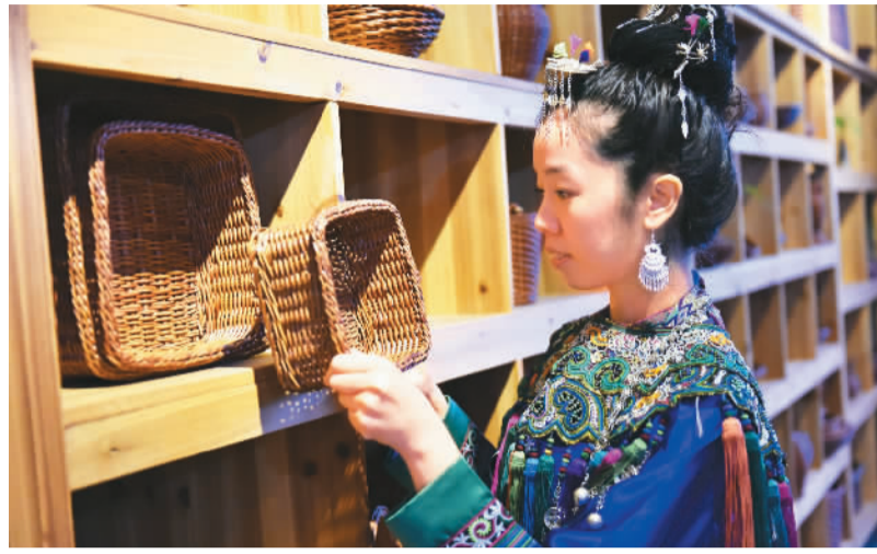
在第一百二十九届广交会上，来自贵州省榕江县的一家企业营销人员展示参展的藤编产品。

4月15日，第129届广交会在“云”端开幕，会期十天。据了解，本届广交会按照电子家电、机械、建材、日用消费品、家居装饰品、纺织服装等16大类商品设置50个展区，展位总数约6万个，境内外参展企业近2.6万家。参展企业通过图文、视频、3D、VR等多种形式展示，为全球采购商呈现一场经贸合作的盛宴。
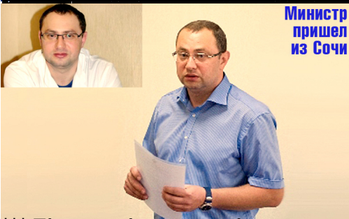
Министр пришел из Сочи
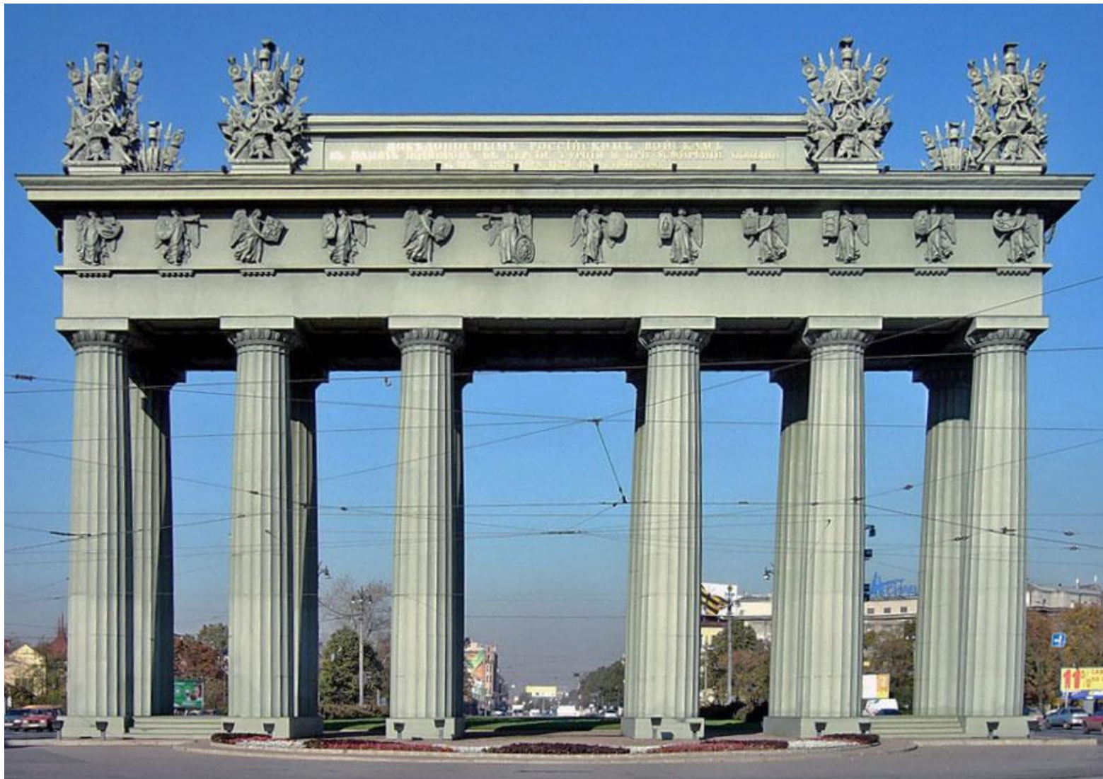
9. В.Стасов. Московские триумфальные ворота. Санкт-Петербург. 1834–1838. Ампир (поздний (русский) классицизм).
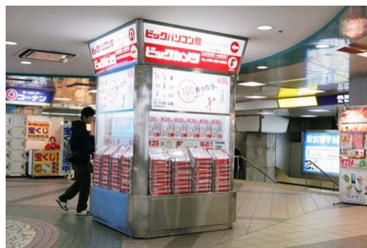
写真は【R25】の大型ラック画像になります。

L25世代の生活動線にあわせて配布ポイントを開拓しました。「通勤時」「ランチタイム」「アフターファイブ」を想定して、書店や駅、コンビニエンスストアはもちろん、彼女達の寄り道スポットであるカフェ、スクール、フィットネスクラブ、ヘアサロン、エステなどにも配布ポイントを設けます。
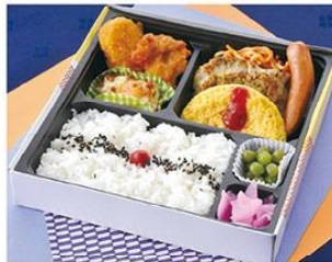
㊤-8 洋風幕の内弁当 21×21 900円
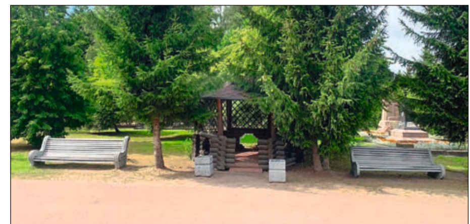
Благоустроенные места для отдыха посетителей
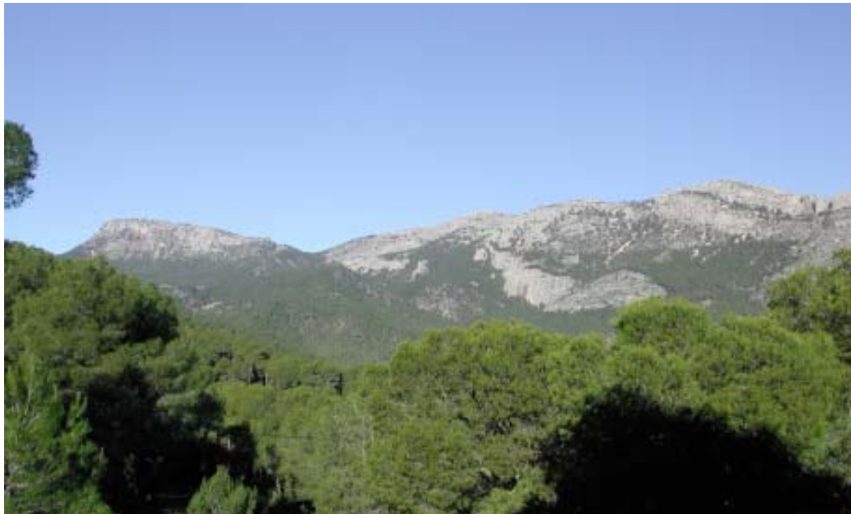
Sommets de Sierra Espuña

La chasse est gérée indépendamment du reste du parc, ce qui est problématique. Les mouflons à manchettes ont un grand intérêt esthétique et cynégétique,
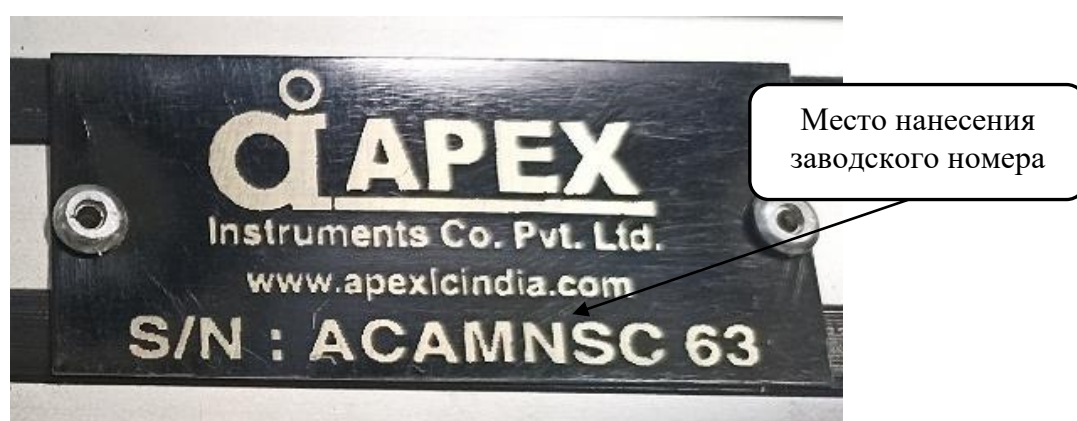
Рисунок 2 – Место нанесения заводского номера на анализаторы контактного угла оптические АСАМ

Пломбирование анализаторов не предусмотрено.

——————

What you have to do -> Reproduce the final stretch of lines exactly: the line containing "Sommets de Sierra Espuña" through the last line of the data, both included. Pictures do not belong in the copy.

Worked solution ->
Sommets de Sierra Espuña

La chasse est gérée indépendamment du reste du parc, ce qui est problématique. Les mouflons à manchettes ont un grand intérêt esthétique et cynégétique,
Рисунок 2 – Место нанесения заводского номера на анализаторы контактного угла оптические АСАМ

Пломбирование анализаторов не предусмотрено.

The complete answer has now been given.